Over six chapters, this thesis explores how to estimate risk-sharing when output is not exogenous. The thesis starts with a survey of the current literature and how it estimates risk-sharing. This survey is then followed by risk-sharing estimations based on a panel of 24 countries over the period of 1970-2007. The estimation approaches applied include the literature's Classical and Level approaches, as well as alternative estimation approaches that provide robust parameter estimates when the literature commonly assumed output exogeneity is dropped. These alternative estimators consist of procedures using instrumental variables ranging from first differenced two-stage least squares, a dynamic generalized method of moments estimation, and an instrumental variables estimation using an instrument derived from a structural vector autoregressive model. Also, a Monte Carlo Simulation is undertaken to show the severity of the bias inherent in the Classical estimation method, as well as to show the performance of the proposed alternative methods. When output is endogenous, the Classical estimation method is found to underestimate risk-sharing, while the best performing alternative approaches are concluded to be the Level approach and the instrumental variables estimation approach using an instrument derived from a structural vector autoregressive model.
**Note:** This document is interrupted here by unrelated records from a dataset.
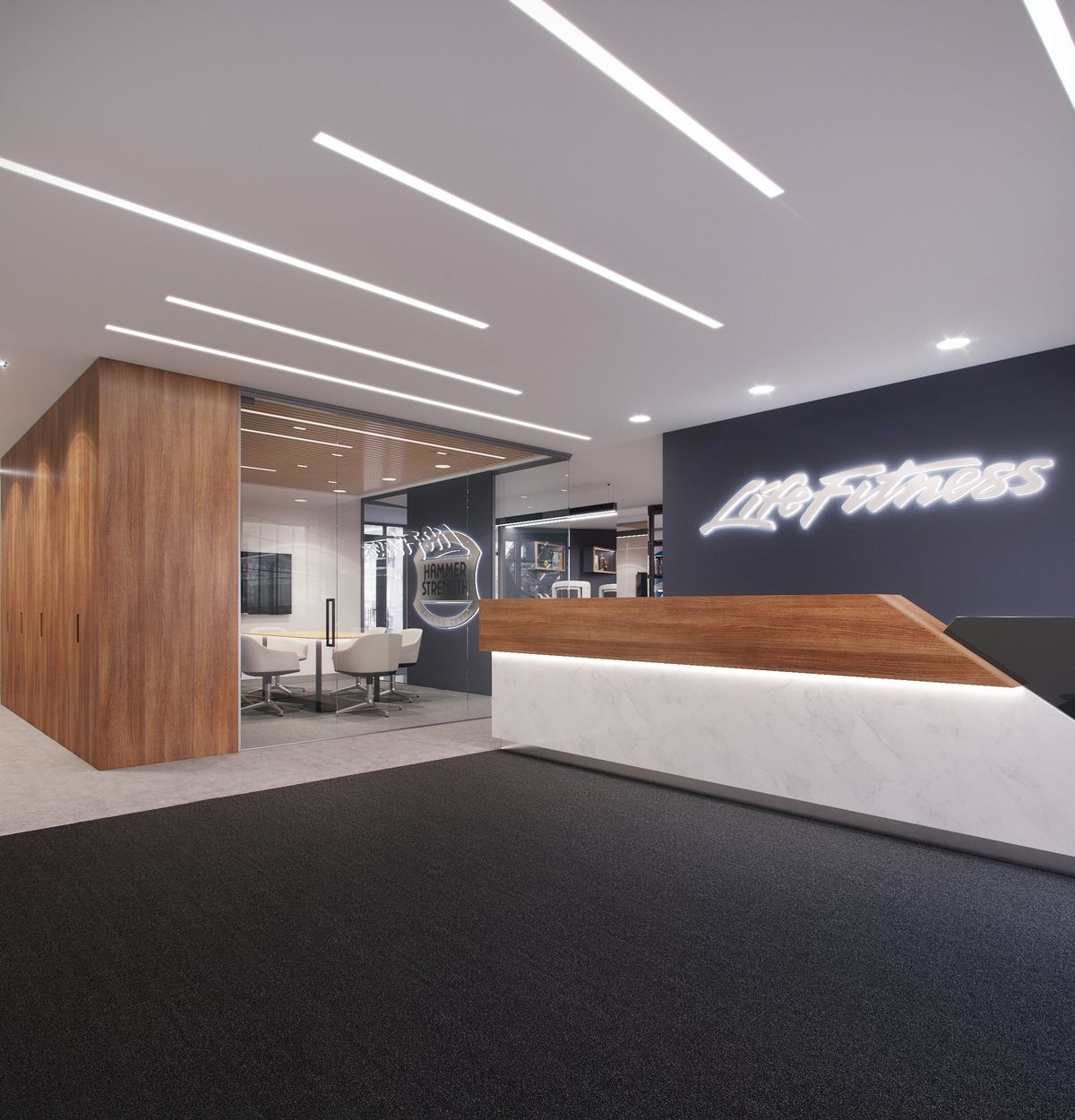 استفاده از طلق آسمان مجازی سهبعدی در ترکیب با کناف سقف، حس طبیعت، نور و آرامش را به فضا وارد میکند. این طرح برای اتاق قرارداد یا نشیمن مشتری بسیار چشمنواز و بهیادماندنی است.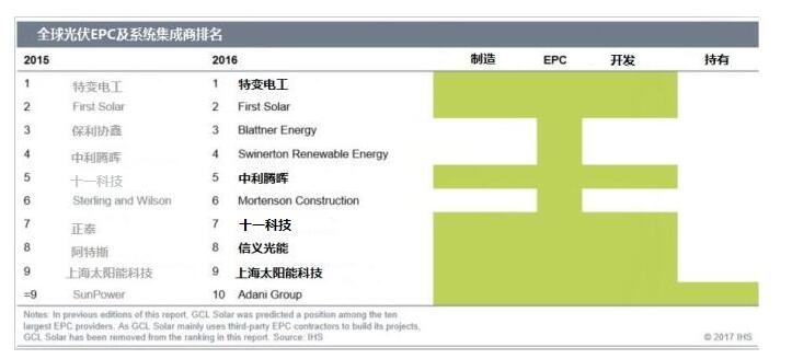 特变电工蝉联由市场调查机构IHS 发布的2016年全球EPC厂商排名冠军,如此巨大的安装量主要来源于2016年上半年中国市场的强劲需求。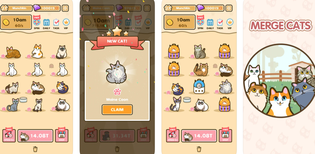 Start with kittens. Merge your kittens to upgrade them! Collect coins to purchase more kinds of cute cats.
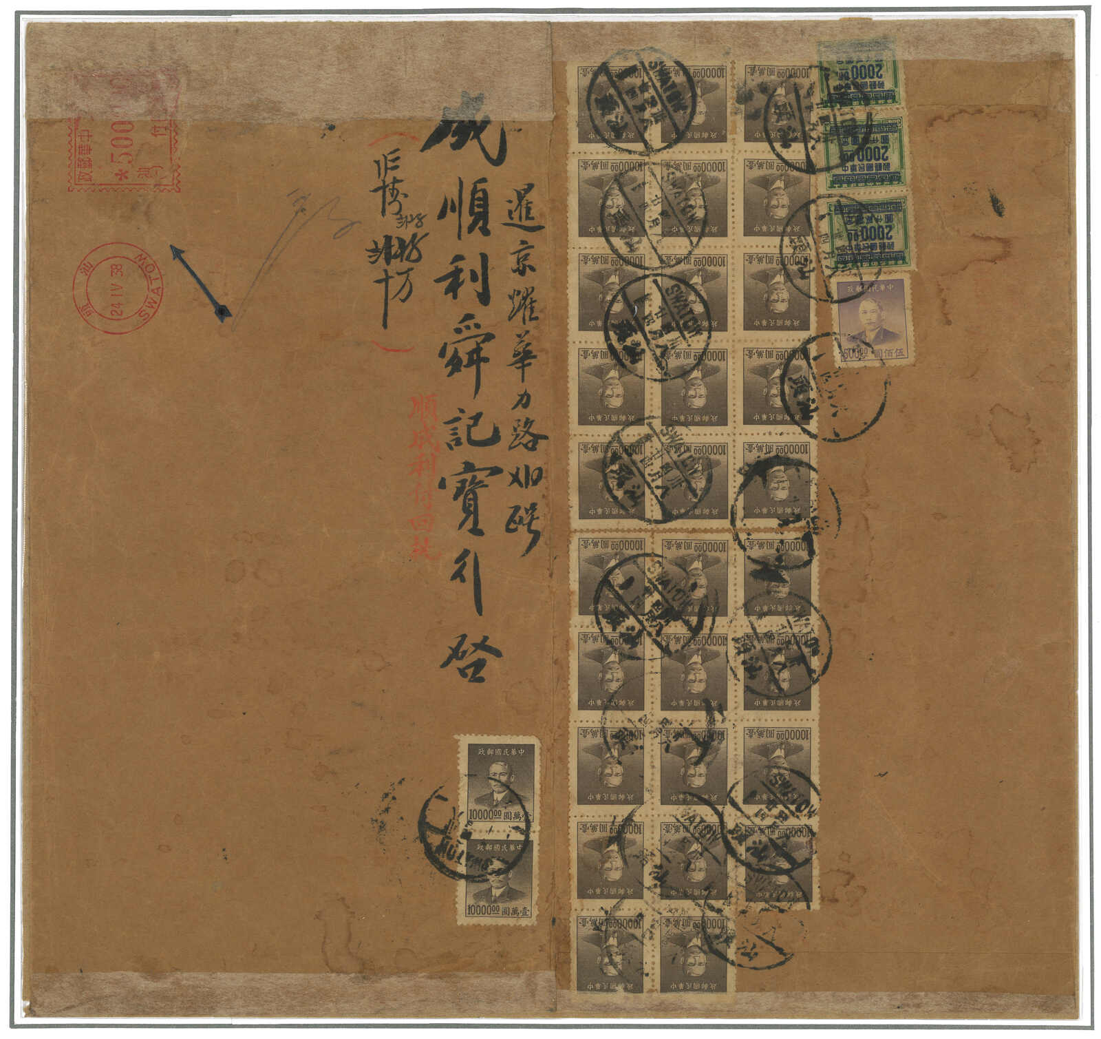 1949.5.2 回批總包,申報內裝回批16件,自汕頭寄曼谷,鈐郵政已付金圓機戳並貼孫像金圓1萬元雙連,合392萬即銀圓5元6角(每件回批特惠半費郵資銀圓5分 + 航空費3角,共16件),銷汕頭三格點線漢英日戳。稀罕難得之僑批總包例子,銀圓時期沿用金圓更是出色。封剖開以作展示。(Image 1)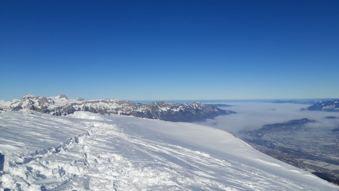 Geparkt in geräumter Parkbucht ca 1 km oberhalb Oberschan auf ca 800 Meter, keine Gebühr. Von da wenige Meter zum Beginn der Skiroute auf Fahrweg. Ausreichend Schnee ab Auto. Gute Spur bis Gipfel, keine Harscheisen. Abfahrt noch ziemlich pulvrig, Platz ist auch noch etwas.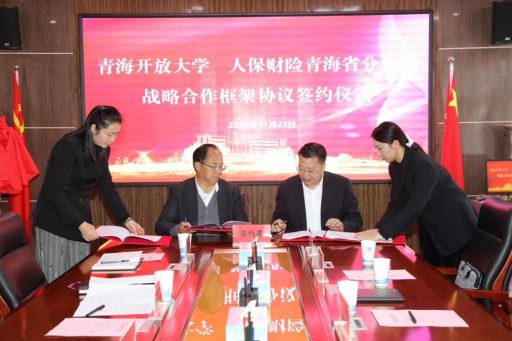 仪式上,尚玛校长与李志恒总经理为“青海开放大学—青海人保联合学院”揭牌,并签署《青海开放大学 人保财险青海省分公司战略合作框架协议》。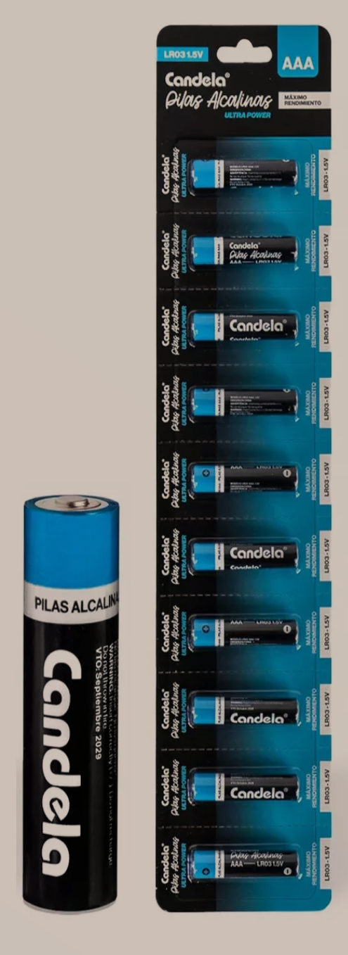 Las pilas alcalinas AAA 1.5V Ultra Power Candela son la solución ideal para mantener tus dispositivos funcionando de manera eficiente. Con un diseño cilíndrico y una composición alcalina, estas pilas ofrecen un rendimiento confiable y duradero, perfectas para una amplia gama de aparatos electrónicos.
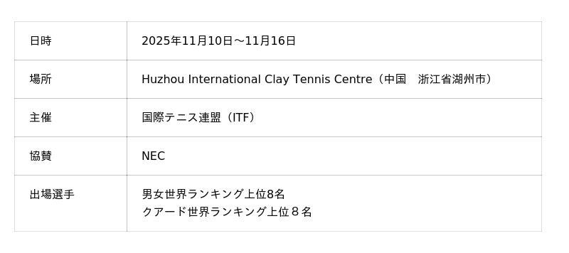 本大会を初めて中国で開催できることを大変嬉しく思います。今回の開催は、車いすテニスを世界に広めるという私たちの使命において、重要な一歩となります。シーズンを締めくくる本大会は、車いすテニスの最高峰が披露される舞台です。1994年からスポンサーを務めるNECは、草創期から車いすテニスを支えてきた重要な存在であり、その長年にわたる支援に心から感謝しています。新設の世界水準のテニスコート「Huzhou International Clay Tennis Center」での開催にあたり、2025年の全豪オープンおよびウィンブルドン女子ダブルス優勝者であるWang Ziying選手、Li Xiaohui選手を含む中国のトップ選手が、世界のトップアスリートたちと肩を並べて競い合う姿を見るのは非常に楽しみです。世界、そしてアジアにおいて次世代の車いすテニス選手にインスピレーションを与える絶好の機会であり、1週間にわたって繰り広げられる車いすテニスの熱戦にぜひご注目ください。

This thesis contributes to the risk-sharing literature by discussing and quantifying the bias the Classical estimation approach suffers from due to output endogeneity. It also contributes by adapting estimation methods from other fields that allow consistent estimations of risk-sharing parameters in the presence of endogeneity bias, and by analyzing the performance of these asymptotic panel estimators in the specific context of the panel dimensions commonly found in the risk-sharing literature.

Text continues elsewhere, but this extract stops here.